For a detailed breakdown of embedded wallet infrastructure options across these use cases, see Fireblocks’ Embedded Wallet Infrastructure Comparison.

Why Embedded Wallets Matter for Business

Beyond the technical architecture, embedded wallets deliver measurable business value. For product and engineering teams building embedded wallets for enterprise blockchain applications or consumer fintech, the case rests on four pillars:

  • Faster time to market: SDK-based integration means teams can ship on-chain features in weeks rather than months, without building key management infrastructure from scratch.
  • Reduced regulatory burden: Non-custodial models generally avoid triggering the licensing and compliance obligations that come with holding customer funds, giving legal and compliance teams a cleaner path to launch.
  • Improved user retention: Frictionless UX removes the dropoff that occurs when users are redirected to external wallets, directly improving activation and retention metrics.
  • New revenue streams: Applications that embed wallets can unlock transaction fee revenue, staking yield sharing, and new product categories tied to on-chain activity.

Embedded Wallets vs. Traditional Crypto Wallets

Traditional crypto wallets are standalone products designed for crypto-native users who actively manage their own keys and interact directly with blockchains. Some examples include browser extensions like MetaMask, hardware wallets like Ledger, or mobile apps like Trust Wallet.

Embedded wallets serve a different audience and a different use case. The comparison across key dimensions:

  • UX and onboarding friction: Traditional wallets require users to create accounts, store seed phrases, and switch contexts to transact. Embedded wallets are created automatically at app signup with no additional steps.
  • Custody model: Hardware and self-custody wallets put full key responsibility on the user. Embedded MPC wallets distribute key management in a way that is non-custodial but recoverable.
  • Developer control: Embedded wallets give developers full control over transaction policies, supported chains, and wallet UX. Traditional wallets are products the user installs independently.
  • Target audience: Traditional wallets suit crypto-native power users. Embedded wallets are designed for mainstream consumer and enterprise users who want blockchain functionality without blockchain complexity.

The right fit depends on your user base. If you are building for crypto-native users who expect full control and cross-app portability, traditional wallets remain relevant. If you are building for mainstream users or want to embed on-chain features into an existing product, embedded wallets are the correct architecture.

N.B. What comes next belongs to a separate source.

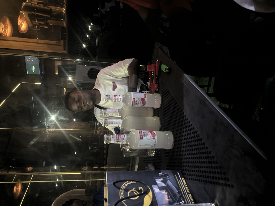 This image captures a nocturnal scene within an establishment located in Ikeja, Nigeria, likely a bar or lounge, characterized by a glass partition and artificial lighting. A male individual, appearing to be in his twenties, with short dark hair, is prominently seated behind a dark, perforated rectangular table. He wears a light-colored short-sleeved t-shirt featuring a small red design on the left chest and has a dark strap, possibly from an apron or bag, over his left shoulder. He is observed looking slightly to his left with a subtle smile, his forearms resting on the table. On the table, five clear glass bottles containing a pale, translucent liquid are arranged; four are distinctly labeled "SMIRNOFF ICE" with red branding. An empty clear drinking glass is positioned near the bottles. To the right, a set of red and metallic bar tools, including a corkscrew, and a green cigarette lighter are visible. On the far left of the table, a dark paper bag with a gold "OG" logo and the text "ATUNDE GADGETS" and "QUALITY NICE, NOT TWICE" is present, showing an image of electronic devices. The glass partition behind the seated male reflects overhead decorative light fixtures and shows faint reflections of other individuals, including a partial view of a head and shoulder on the left. Beyond the glass, an urban exterior is indicated by visible streetlights and vehicle headlights. A screen displaying "Matula" is mounted on the wall in the background. A person's right arm, clad in a reddish sleeve, is partially visible on the right side of the table, indicating another occupant.
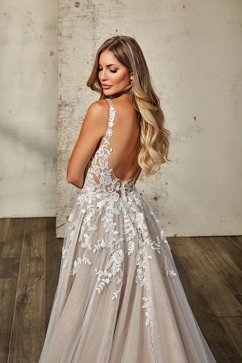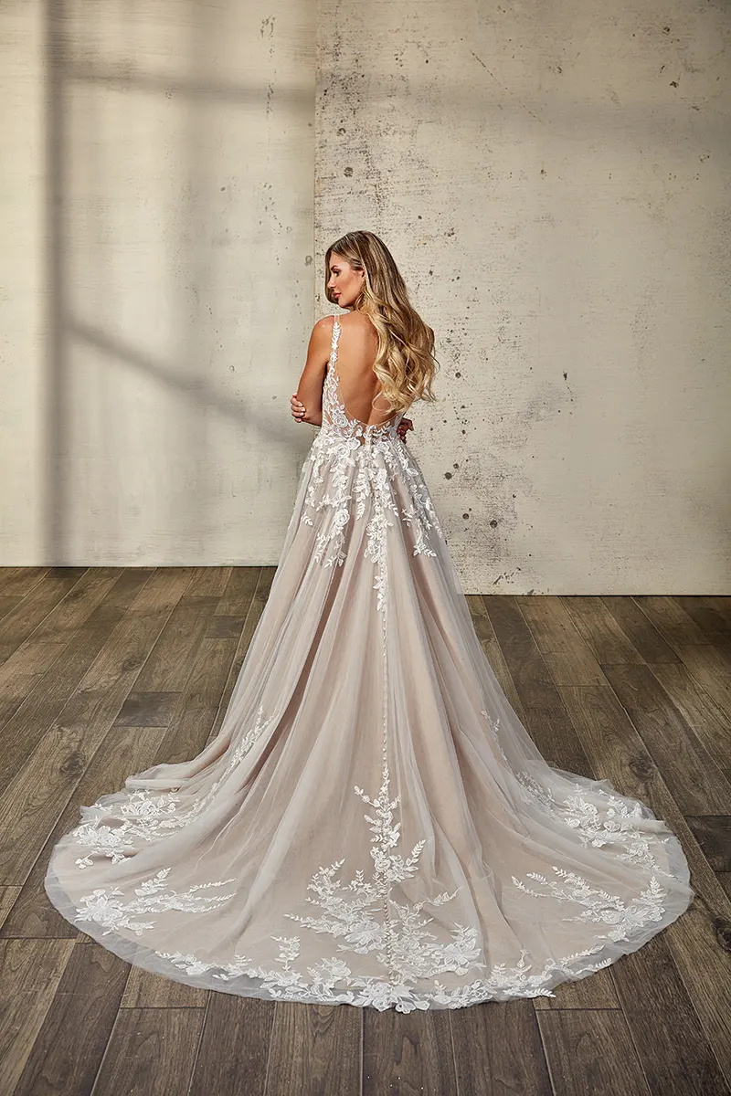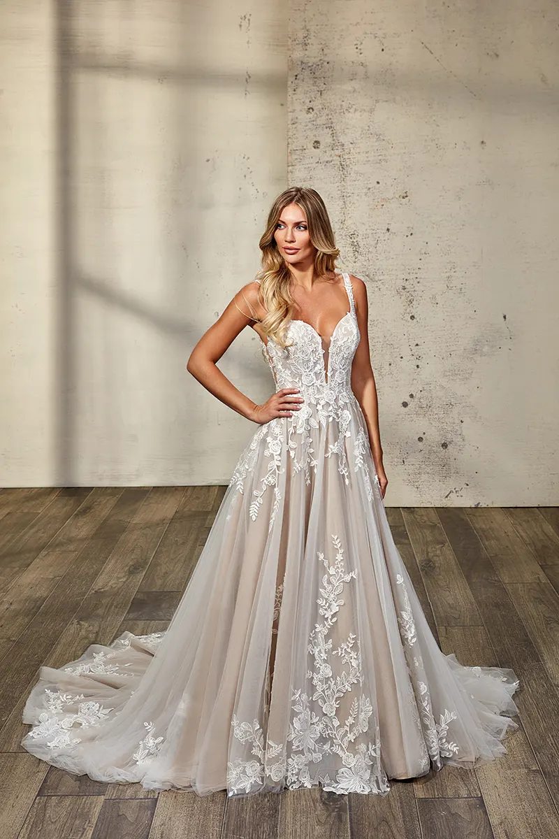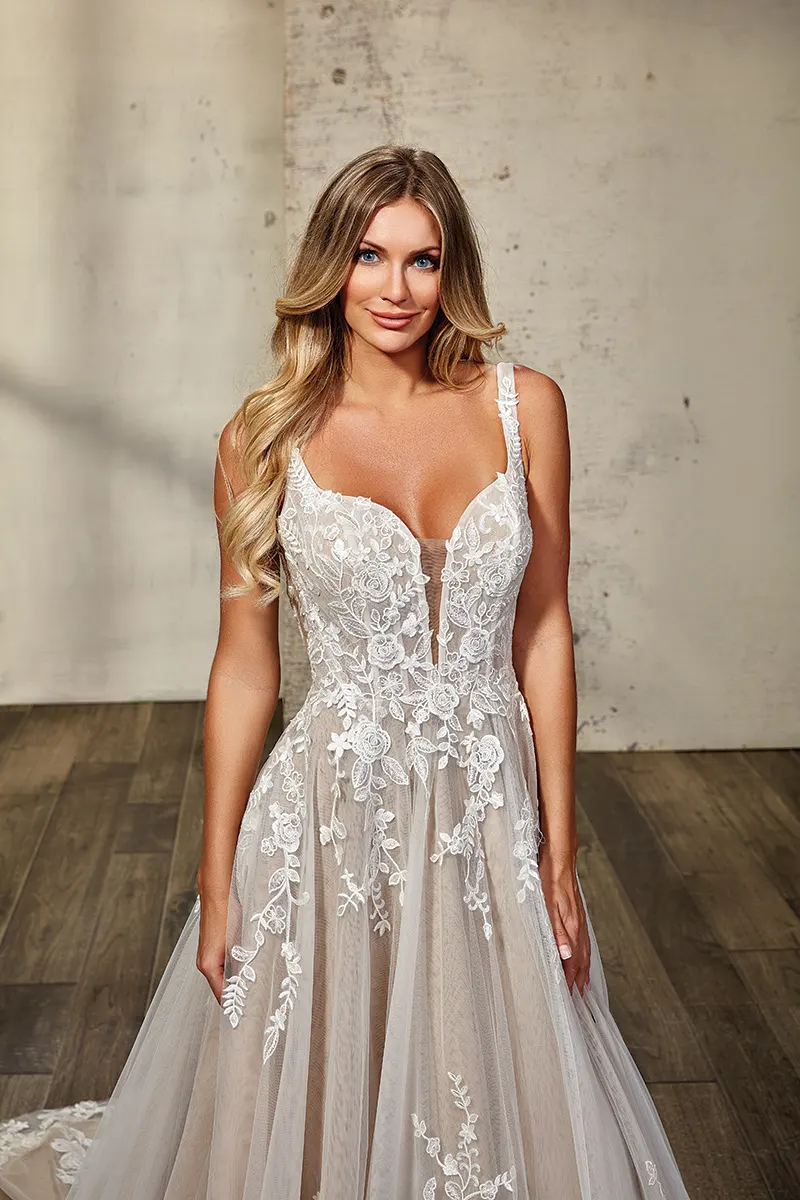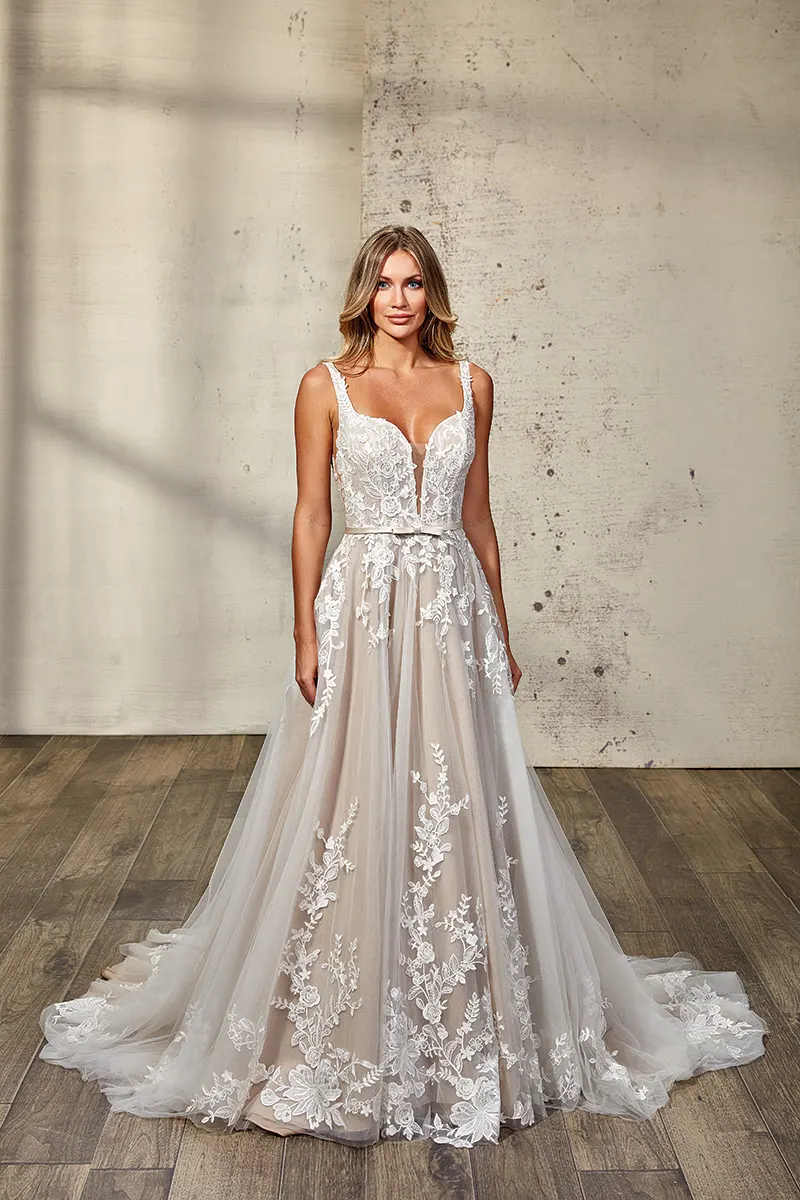 Das Brautkleid Franca von Eddy K ist ein klassisches A-Linien Brautkleid, das deine Taille mit einem Satinband und Schleife betont.

Embedded Wallets vs. Wallet-as-a-Service: What’s the Difference?

Fireblocks offers two distinct wallet infrastructure products that are often discussed together but serve fundamentally different purposes.

Wallets-as-a-Service (WaaS) is infrastructure for organizations that manage wallets and assets on behalf of their customers. This could include exchanges, payment processors, OTC desks, and neobanks that need to operate high-volume, business-controlled wallet infrastructure at scale. The business controls the keys and assets; Fireblocks provides the infrastructure.

Embedded wallets are typically used to provide products to end users. They are non-custodial wallets where end users hold their own assets inside a business’s application. Neither Fireblocks nor the issuing business holds assets on behalf of users.

The organizing question is: who controls the assets? For WaaS, the business does. For embedded wallets, the end user does.

Best Practices for Integrating an Embedded Wallet SDK

When evaluating best practices for embedding a wallet SDK in an app, engineering teams should address these considerations before and during integration:

  • Key backup and recovery flows: Define how users recover wallet access if they lose their device. MPC-based recovery mechanisms, social recovery, or encrypted backup to cloud storage should be implemented before launch.
  • Authentication methods: Support SSO, biometric login, passkeys, and social login to minimize onboarding friction. Authentication should be decoupled from key generation so users can add or change auth methods without affecting wallet access.
  • Multi-device support: Users expect to access their wallet from multiple devices. Ensure your SDK and provider support multi-device key share distribution.
  • Performance optimization: MPC transaction signing involves network round-trips. Profile your signing latency and ensure it meets UX requirements.
  • Policy engine integration: Leverage transaction policy controls to enforce spending limits, allowlist destinations, and flag suspicious activity before transactions are signed.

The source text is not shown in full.